Choosing between the two modes deliberately

VIP mode is the better default for most ordinary services, since it provides transparent, Swarm-managed load balancing without requiring any specific client-side behavior; DNSRR mode is worth choosing specifically when a service's protocol or client library genuinely needs direct, individual replica visibility, such as certain database client libraries designed to manage their own connection pooling across multiple known backend addresses directly.

services:
  api:
    deploy:
      endpoint_mode: vip
  db-cluster:
    deploy:
      endpoint_mode: dnsrr

Task-level DNS entries for individual replica addresses

Beyond the service-level VIP or round-robin entries, Swarm also provides a tasks.<service-name> DNS entry that always resolves to every individual replica's address directly, regardless of which endpoint mode the service itself is configured with, useful when something genuinely needs individual replica visibility without changing the service's overall endpoint mode:

docker run --rm --network my-network alpine nslookup tasks.my-api

Name:    tasks.my-api
Address: 10.0.9.5
Address: 10.0.9.6
Address: 10.0.9.7

This tasks. prefix convention provides a consistent way to get individual replica addresses regardless of the service's own configured endpoint mode, which is useful for diagnostic purposes or for a specific client need without requiring a change to the service's primary, externally-facing discovery configuration.

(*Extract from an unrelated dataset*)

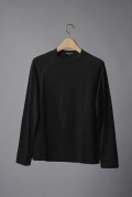 ラグランスリーブでカジュアルさを出しつつ、メリヤス素材で落ち着きも醸し出すロングスリーブTシャツ。

Comparison to plain Compose DNS resolution

This service discovery mechanism is specific to Swarm mode and meaningfully more sophisticated than the simpler, single-host service name resolution plain Compose provides without Swarm; understanding this distinction matters when reasoning about behavior differences between a service running under plain Compose on a single host versus the same service definition deployed as a Swarm stack across multiple hosts, since the underlying discovery and load-balancing mechanism genuinely differs between the two.

docker compose up -d

docker stack deploy -c docker-compose.yml my-stack

The same Compose file can be used for both, but the actual service discovery behavior, transparent VIP load balancing across multiple hosts versus simpler, single-host resolution, differs because of which underlying deployment mechanism is actually in effect.

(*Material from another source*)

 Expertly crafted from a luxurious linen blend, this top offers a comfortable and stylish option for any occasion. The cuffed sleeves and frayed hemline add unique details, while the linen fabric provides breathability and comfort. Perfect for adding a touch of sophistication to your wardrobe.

Diagnosing service discovery issues

When a service cannot be reached by name from another service, confirming both are genuinely on the same overlay network and checking the actual DNS resolution behavior directly isolates whether the issue is network attachment, the chosen endpoint mode behaving unexpectedly, or something else entirely:

docker exec -it $(docker ps -q -f name=worker) nslookup my-api

Common mistakes

Assuming a resolved single address for a VIP-mode service represents one specific replica, rather than understanding it as the service's own virtual IP with load balancing happening transparently behind it.
Choosing DNSRR mode without confirming the client or protocol in question actually needs and correctly handles direct, individual replica address visibility.
Not knowing about the tasks.<service-name> DNS convention when individual replica visibility is needed without changing a service's primary endpoint mode configuration.
Assuming service discovery behavior is identical between plain Compose on a single host and the same Compose file deployed as a Swarm stack, when the underlying mechanism genuinely differs.
Not checking whether two services are genuinely attached to the same overlay network before assuming a name resolution failure is related to endpoint mode configuration specifically.

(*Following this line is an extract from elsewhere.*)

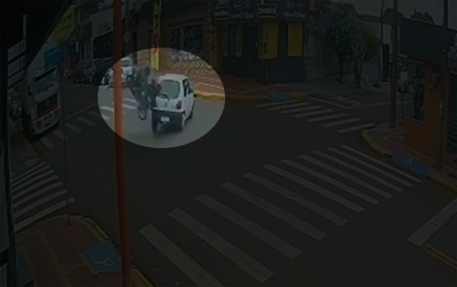 Uma câmera de segurança registrou o momento em que uma motocicleta colidiu contra a lateral de um carro, no início da tarde deste sábado (06), em Toledo. O acidente ocorreu no cruzamento das ruas Primeiro de Maio e Felipe Camarão, na Vila Pioneiro, e deixou um homem ferido.

Swarm service discovery's two endpoint modes, VIP for transparent, Swarm-managed load balancing and DNSRR for direct, client-managed replica visibility, address different needs, with the tasks. prefix convention providing individual replica addresses regardless of which primary mode a service is actually configured with, and understanding this mechanism's specific sophistication clarifies why behavior can genuinely differ between a single-host Compose deployment and the same definition deployed as a multi-host Swarm stack.